Marriages may have been made in heaven, but there is a lot going for singles today. Firstly, you don’t have anyone telling you what to do, and secondly you don’t have anyone messing with your plans.
This is a double edge sword though, and with no financial accountability, going overboard isn’t too difficult. You could be happily unmarried by choice, chance or circumstance. Irrespective of the reasons, here are five things every single person must do, to be truly financially independent.
1. Emergency Fund: Emergency by its very nature means an unexpected event. It could be anything from a busted tire, to a medical emergency, to dark days of a job loss. Having an emergency fund though, makes dealing with an emergency easier. All you need to ensure is that your funds are invested in an instrument offering good liquidity. You may keep aside at least six months’ expenses in a liquid fund. Also remember, that emergency fund can be built gradually and not overnight, using the SIP route of investment in a Liquid Mutual Fund.

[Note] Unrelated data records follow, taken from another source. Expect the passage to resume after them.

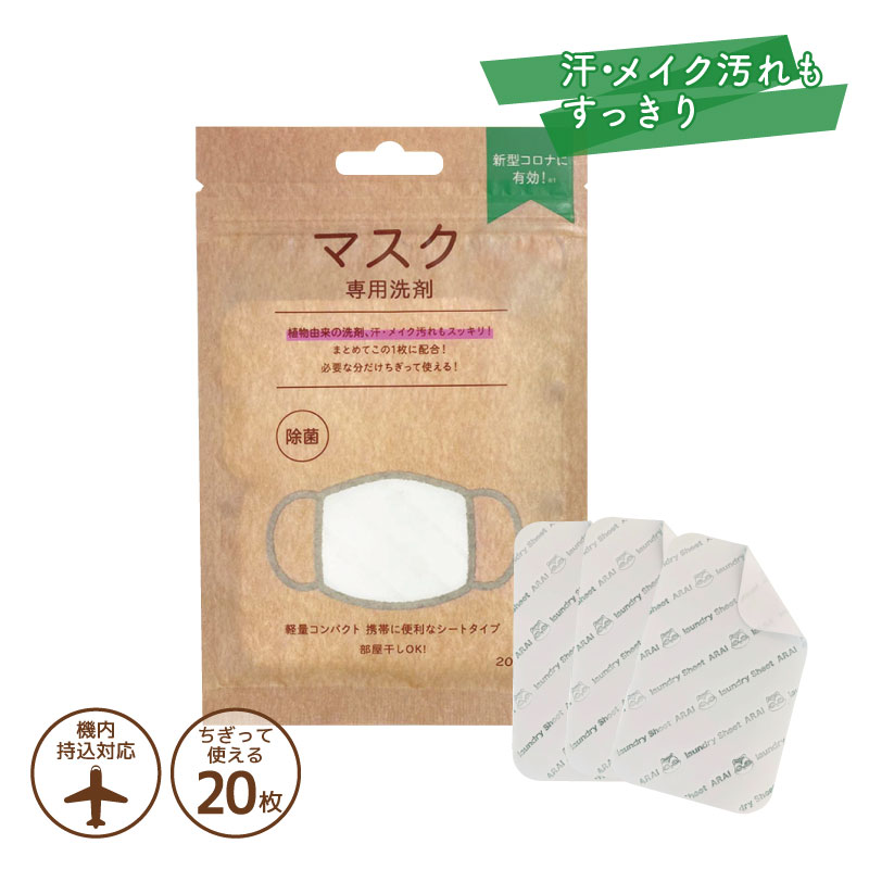 マスク専用洗剤 20枚入 洗濯シート 携帯用 コンパクト 旅行 出張対応 時短洗濯 ミニマル生活 スマート洗濯 持ち運び便利
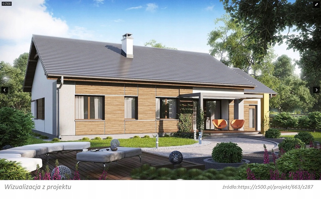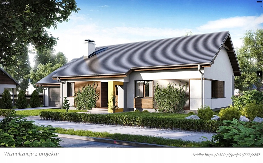 Wolnostojący dom parterowy o pow. 117,80m2 w architekturze z dachem dwuspadowym według projektu „Z287”, położony na osiedlu Radosnym w miejscowości Mnichowo.
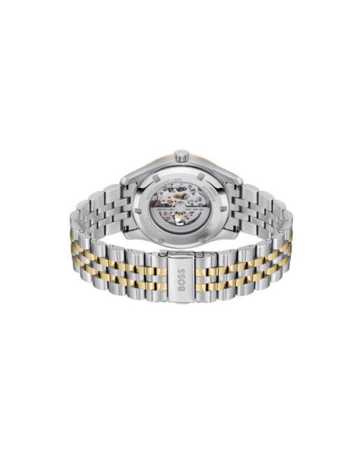 Classic elegance meets Japanese precision in the Principle Skeleton, a sophisticated addition to the bestselling Principle range from Boss Watches. The watch is powered by a Miyota 8N24 automatic movement with a 42-hour power reserve and designed with a skeletonized dial and exhibition case back. Style 1514237
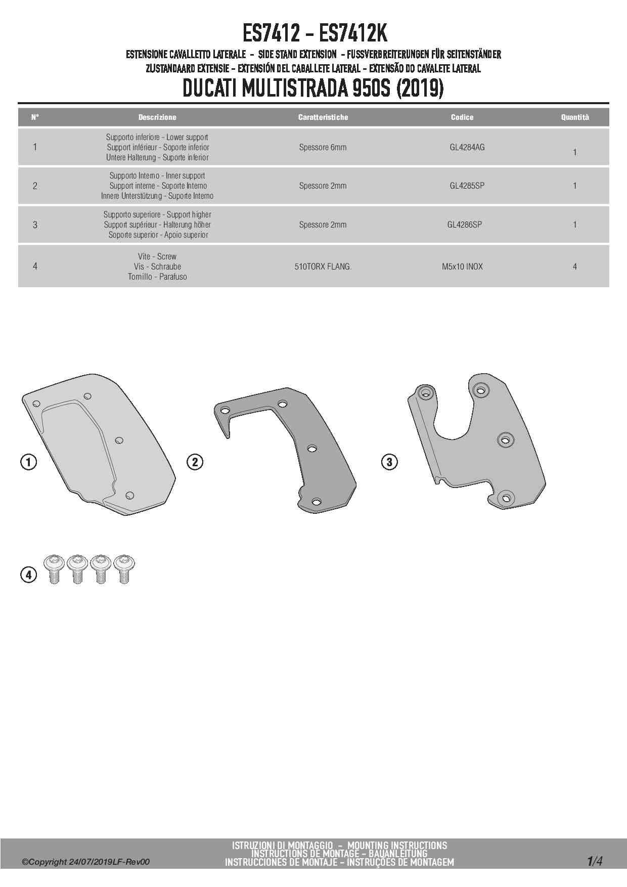Poszerzenie stopki bocznej Givi ES7412 do motocykla Ducati Multistrada 950 S (19-21) / Enduro 1260 (19-21)

2. Medical Insurance: Get a health insurance for yourself, even if your employer provides one. So even if there’s a job loss or you are in between jobs, you are still covered. Buy a cover of at least Rs 3-5 lakh as medical insurance and add up as you can for critical illness cover. Unless you have a dependent, do not invest in a term life insurance policy.
3. Retirement planning: Retirement planning is the third most important part of financial planning for a single person. Your EPF, PPF and NPS are good options to invest for retirement, but they are certainly not enough. Build a core retirement strategy with Mutual funds so that you can get equity exposure as well as diversification of asset classes, that too in affordable amounts via SIP.
4. Other investments: The next set of investments are to be made keeping in mind your financial goals; short term, medium term and long term. Avoid stock picking based on tips. A healthy mix of debt, equity and gold instruments, as per your asset allocations, financial goals and risk appetite is the key. If possible, consider buying a home of your own. An assurance of a permanent roof over your head, will give you a certain amount of confidence. Don’t go for something beyond your reach, else EMIs might become unaffordable.
Retirement planning is the third most important part of financial planning for a single person. Your EPF, PPF and NPS are good options to invest for retirement, but they are certainly not enough.
5. Nominations and wills: Don’t ignore this important financial task. Ensure that you have relevant nominations and a will in place. Even as a single person, if you have created wealth, or have assets, getting a will in place is a must.
6. Important Tip: Life as a happily unmarried person can be fun, if you have disposable income. Living it up can be really easy with credit cards, or easy credit available in the market. The biggest mistake a single can do is rack up debt in the early years. So, while it’s okay to actually live a little it’s equally important to not get into a debt trap.